As for the allegedly strong dollar having “made it difficult for American companies to add manufacturing jobs,” this too was a backwards assertion. Jobs are a function of investment, and the more investment in a country, the higher the pay. The U.S. is once again a magnet for investment. That’s why compensation in the States is so robust, thus explaining why people around the world routinely risk their lives to get to a country in which even the illegal, under the table jobs pay well relative to what’s available elsewhere. Crucial here is that manufacturing work is no longer valuable. So thankfully automated has it become that actual factory jobs in China pay the equivalent of a Starbuck’s latte on a daily basis. In short, it’s difficult for “American companies to add manufacturing jobs inside the U.S.” because it’s too expensive to hire the typical American worker. Such is the genius of investment. It’s compassionately priced Americans about out of back-breaking factory work.

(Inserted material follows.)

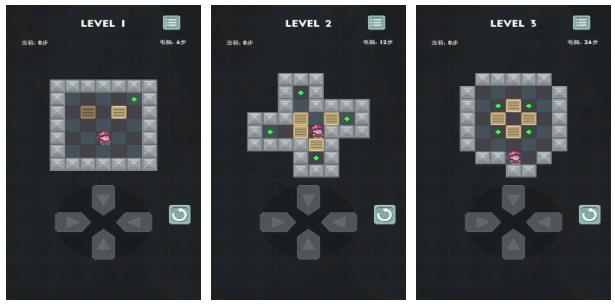 游戏的关卡设计的非常用心,每一关都有不同的思路,里面有很多有意思的解谜内容,主要的玩法就是把场景里面的箱子推到指定的位置,让每一个箱子都放到正确的位置,才算完成任务。规则很听起来似乎很容易,但真正玩起来却非常的困难,不只是靠蛮力去推,还需要讲究顺序和思路,需要提前规划好各种路线。

Interesting about all of the above is that in making the comically false assertion that the dollar has been “always stronger” since 1971, the Kemp Foundation is oddly calling for the kind of devaluation of the greenback that Jack Kemp was so famously against. The Foundation members no doubt pay lip service to a gold-defined dollar, make the naïve contention that pegging two floating currencies together (dollar/euro) is the equivalent of currency nirvana, but the main point of the Foundation’s thought piece is that the dollar has been too strong, and that its strength has caused an economy-sapping “trade deficit.” That's tood bad, though in their defense they would never knowingly write what is so untrue.

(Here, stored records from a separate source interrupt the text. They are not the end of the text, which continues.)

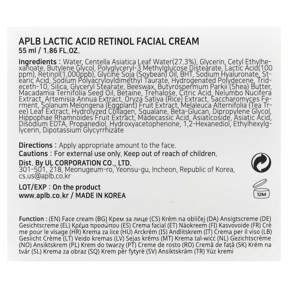 Вода, вода из листьев центеллы азиатской (27,3%), глицерин, цетилэтилгексаноат, бутиленгликоль, полиглицерил-3 метилглюкозы дистеарат, молочная кислота (100 част. / млн), ретинол (1000 част. / млрд), соевое масло (Glycine soja), бутилгидрокситолуол, гиалуронат натрия, стеариновая кислота, полиакрилодиметил таурат натрия, гидрогенизированный полидецен, тридецет-10, диоксид кремния, глицерил стеарат, пчелиный воск, масло ши (Butyrospermum parkii), масло макадамии (Macadamia ternifolia), бетаин, трегалоза, лимонная кислота, экстракт лотоса орехоносного (Nelumbo nucifera), экстракт полыни однолетней (Artemisia annua), экстракт риса (Oryza sativa), продукт ферментации сахаромицетов, экстракт плодов баклажана (Solanum melongena), экстракт листьев чайного дерева (Melaleuca alternifolia), гидролизованный коллаген, сквалан, бета-глюкан, дипропиленгликоль, экстракт плодов облепихи крушиновидной (Hippophae rhamnoides), мадекассовая кислота, азиатикозид, азиатиковая кислота, двунатриевая ЭДТК, пропандиол, гидроксиацетофенон, 1,2-гександиол, этилгексилглицерин, дикалия глицирризат.
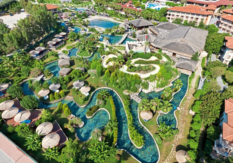 Im Club Grand Side wohnt Ihr in einer weitläufigen Anlage direkt am flach abfallenden Sandstrand. Mehrere drei- bis vierstöckige Gebäude, teils mit Lift, gruppieren sich um zwei Süßwasserpools mit Sonnenterrasse. Das Herzstück: der 4.500 m² große Aquapark „Amazon Water World“ mit Wellenbad, Rutschen, Wasserkanälen und großem Kinderbereich – ein lebendiger Treffpunkt für Paare und Familien.
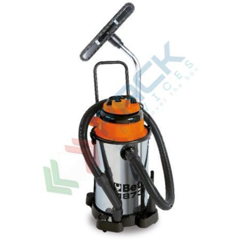 Aspiratore, aspiraliquidi da 30 litri per solidi e liquidi in acciaio INOX Funzione soffiante Ruote antitraccia CARATTERISTICHE TECNICHE Motore by-pass bistadio tensione 230/240 V frequenza 50/60 Hz Potenza Max 1100 W Portata d'aria l/sec. 55 Depressione Max 220 mbar Capienza Max bidone 30 l in acciao Inox Emissioni acustiche

Oh well, readers are probably getting tired, but it’s worth pointing out that the Kemp Foundation piece, if followed, would likely bring down the so-called “trade deficit.” It would because the disciples of Kemp are implicitly calling for a devalued dollar, a devalued dollar is an investment repellent, and if less capital is flowing into the U.S. such that we’re earning less, it means we’ll be exporting fewer shares of our less attractive corporations. And because Americans will be earning less, it’s possible that the low-paying manufacturing jobs of the past will return to the U.S. We would be quite a bit poorer under such a scenario, but it’s worth pointing out that the path to a lower “trade deficit” is only possible if we’re willing to accept being much poorer. A champion of growth is having his name associated with well-meaning individuals unwittingly calling for policies inimical to growth
So that’s it. There’s much more that’s easy to disprove in the Kemp Foundation piece, but time is precious. Inquiring minds were curious and sent the text my way. Here’s a semi-brief response.
John Tamny is editor of RealClearMarkets, Director of the Center for Economic Freedom at FreedomWorks, and a senior economic adviser to Toreador Research and Trading (www.trtadvisors.com).